The new year is upon us and what a start it has been for the markets. The market has declined significantly in the first week of 2016 with the Dow -6.21%, S&P 500 -5.98%, and the NASDAQ -7.26%*.
2015 was full of uncertainties and 2016 is no different. China, the world’s second largest economy, seems to be slowing with the government setting a target growth rate of 6.5% for 2016, half of what it was in 2010 (Driebusch, Corrie & Gold, Riva. “China’s Woes Reverberate”. The Wall Street Journal 8 Jan. 2016: A1-A8. Print). Oil prices continue to drop to levels not seen for some time and the Federal Reserve has set a policy to raise rates; however, it is unclear how fast it will happen. We are currently riddled with the unknowns and simply put, uncertainty in the short term creates volatility. So, what should you do during such turbulent times?

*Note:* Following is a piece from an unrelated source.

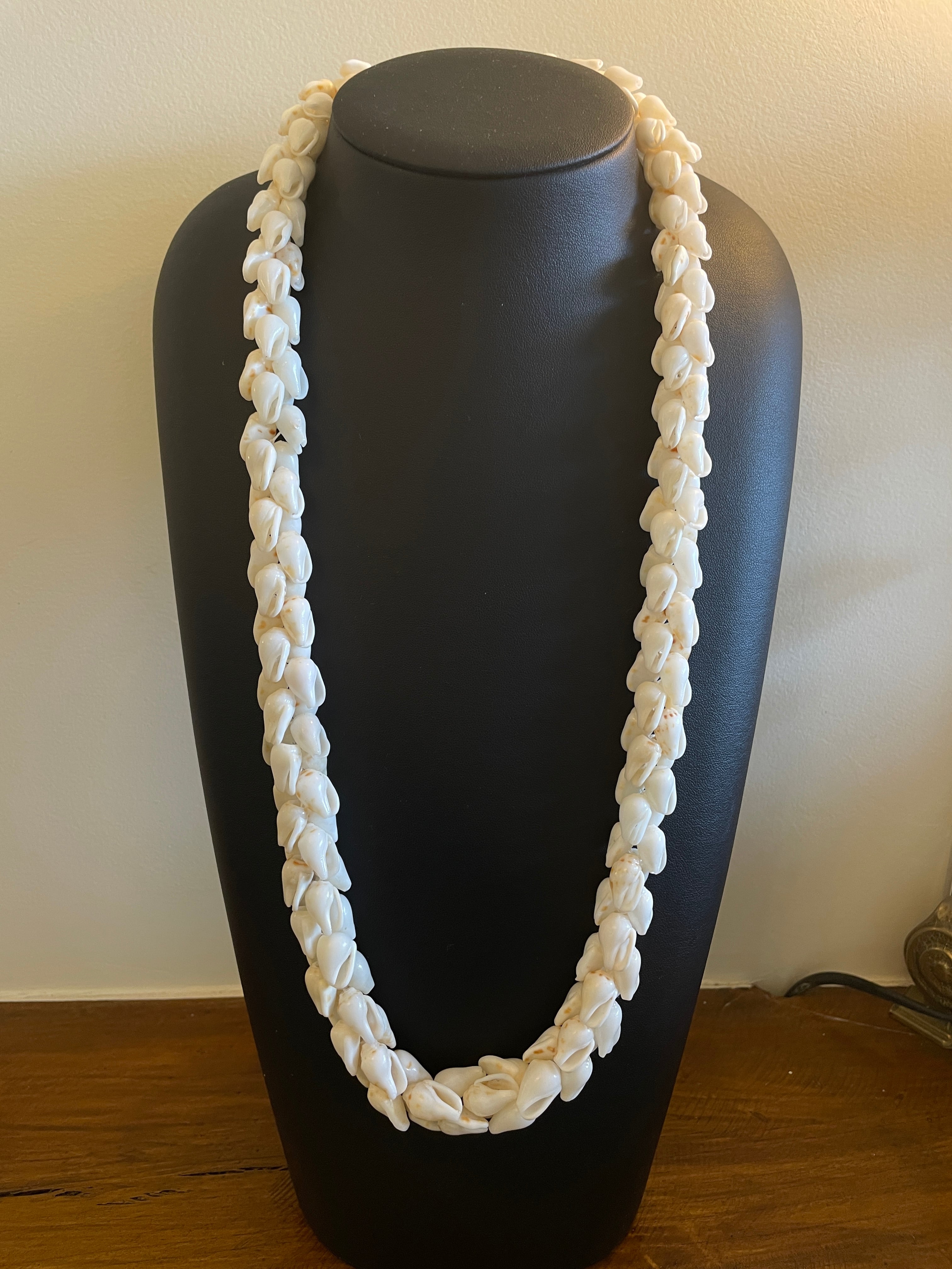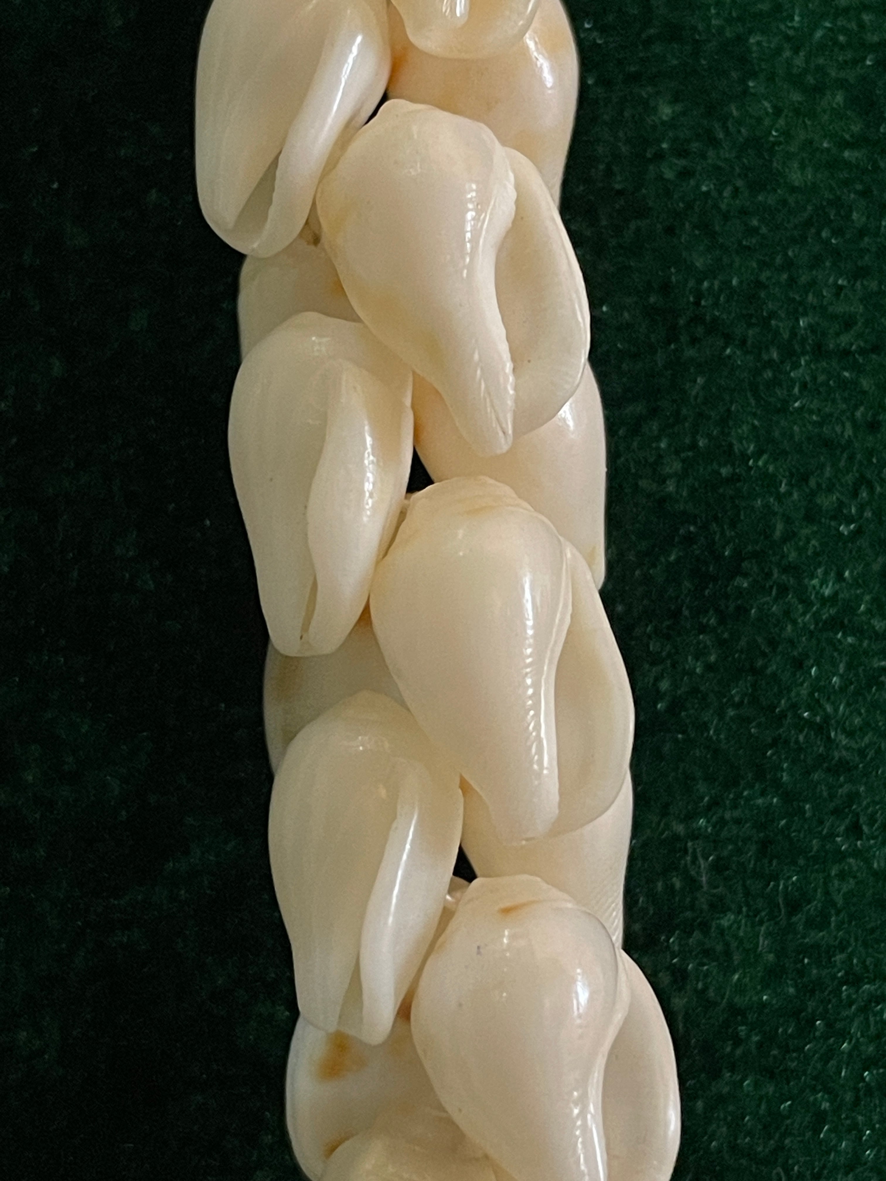 ニイハウシェルレイで、唯一 男性用向けに使用されるʻĀlīlea(アーリーレア)シェルを使用して編まれたニイハウシェルレイになります。

Saving money is a difficult task. Even though I am a Registered Investment Advisor, I still fall into the temptations of spending a few bucks on fishing lures. In order to curb such temptations, I view savings in a different light. Savings should be looked at as a non-discretionary expense, or a need such as your rent, when developing a personal budget. In simple terms, savings is an expense. If you build savings into your budget, you are automatically saving money thereby allowing you to spend additional excess cash flows on items like fishing lures.